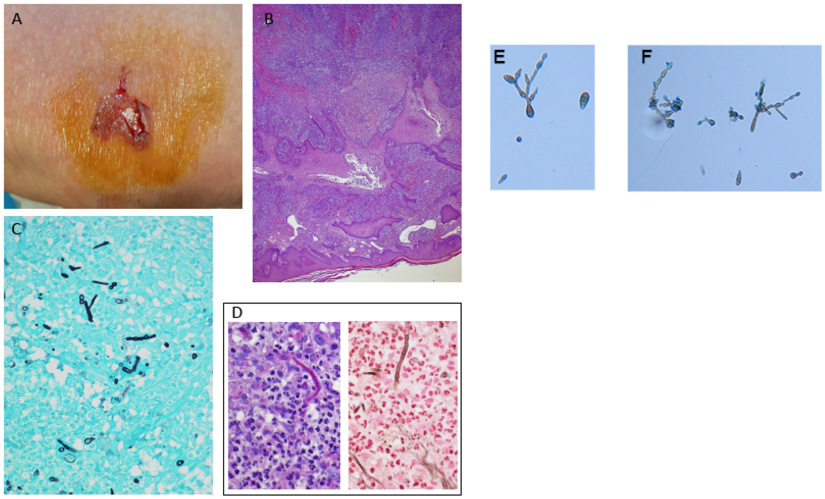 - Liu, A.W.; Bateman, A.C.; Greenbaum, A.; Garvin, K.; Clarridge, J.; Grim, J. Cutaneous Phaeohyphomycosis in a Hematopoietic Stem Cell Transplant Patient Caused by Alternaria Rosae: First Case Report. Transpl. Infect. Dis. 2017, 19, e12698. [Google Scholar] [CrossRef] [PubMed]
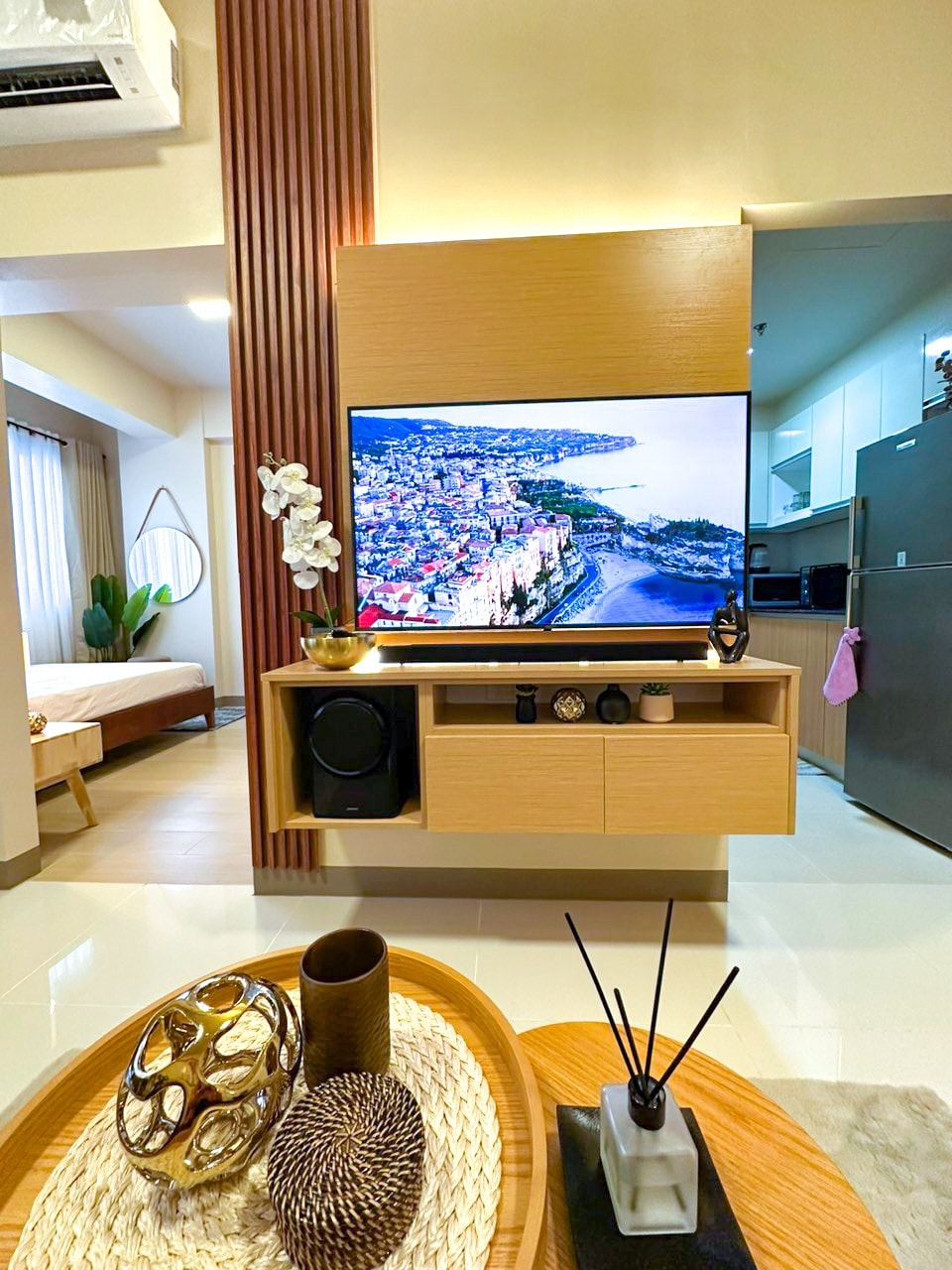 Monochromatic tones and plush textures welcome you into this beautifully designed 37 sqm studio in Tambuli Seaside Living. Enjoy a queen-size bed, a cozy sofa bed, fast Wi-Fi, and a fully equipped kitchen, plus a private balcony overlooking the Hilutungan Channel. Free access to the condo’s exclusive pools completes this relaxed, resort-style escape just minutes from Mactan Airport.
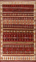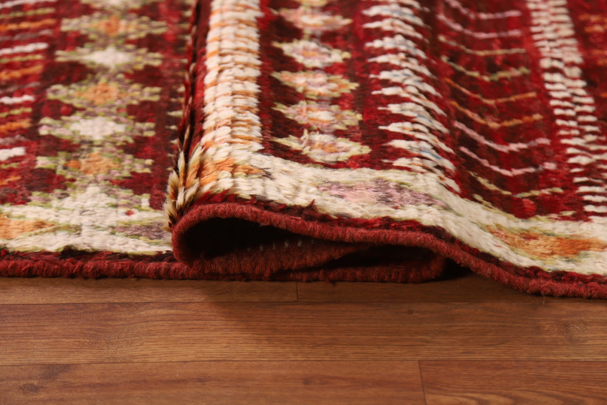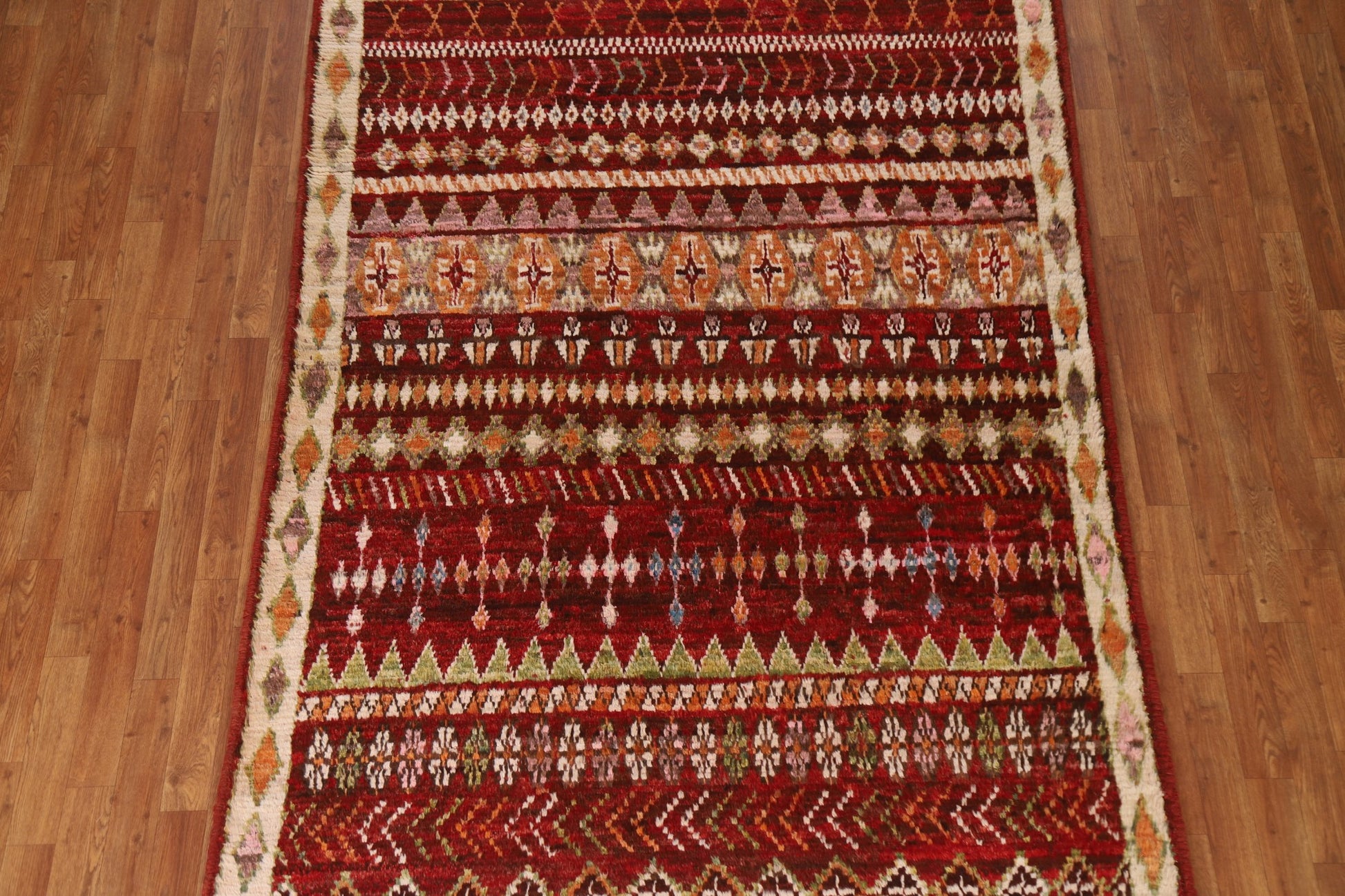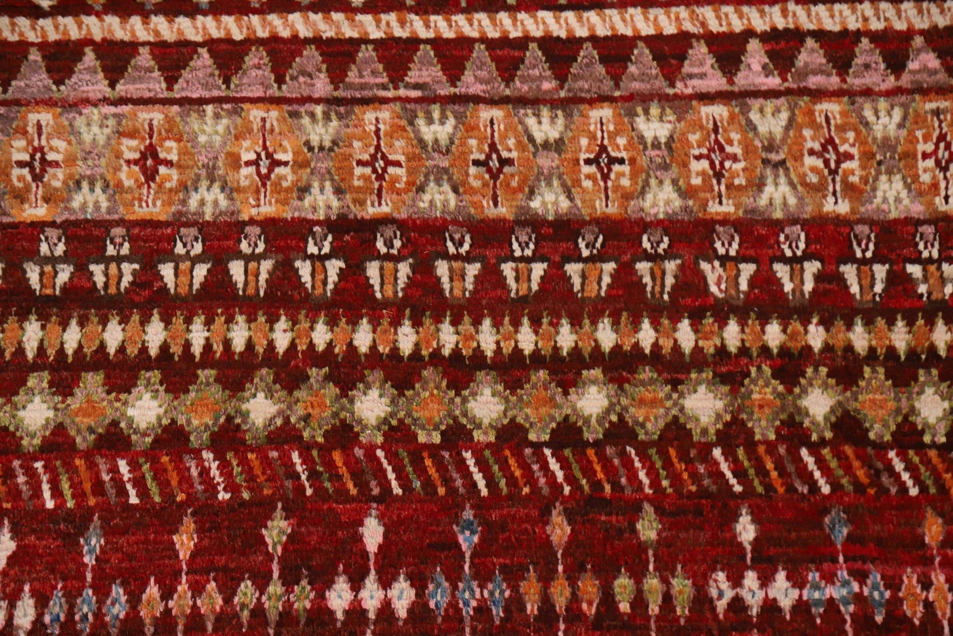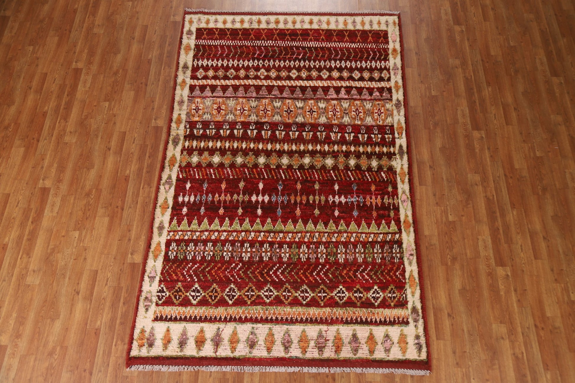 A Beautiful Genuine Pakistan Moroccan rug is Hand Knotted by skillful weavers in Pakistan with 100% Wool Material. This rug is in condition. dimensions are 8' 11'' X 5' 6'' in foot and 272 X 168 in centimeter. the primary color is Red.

TRY IT: Please retype the data exactly. The pictures do not go in.

TASK ANSWER:
 - Liu, A.W.; Bateman, A.C.; Greenbaum, A.; Garvin, K.; Clarridge, J.; Grim, J. Cutaneous Phaeohyphomycosis in a Hematopoietic Stem Cell Transplant Patient Caused by Alternaria Rosae: First Case Report. Transpl. Infect. Dis. 2017, 19, e12698. [Google Scholar] [CrossRef] [PubMed]
 Monochromatic tones and plush textures welcome you into this beautifully designed 37 sqm studio in Tambuli Seaside Living. Enjoy a queen-size bed, a cozy sofa bed, fast Wi-Fi, and a fully equipped kitchen, plus a private balcony overlooking the Hilutungan Channel. Free access to the condo’s exclusive pools completes this relaxed, resort-style escape just minutes from Mactan Airport.
 A Beautiful Genuine Pakistan Moroccan rug is Hand Knotted by skillful weavers in Pakistan with 100% Wool Material. This rug is in condition. dimensions are 8' 11'' X 5' 6'' in foot and 272 X 168 in centimeter. the primary color is Red.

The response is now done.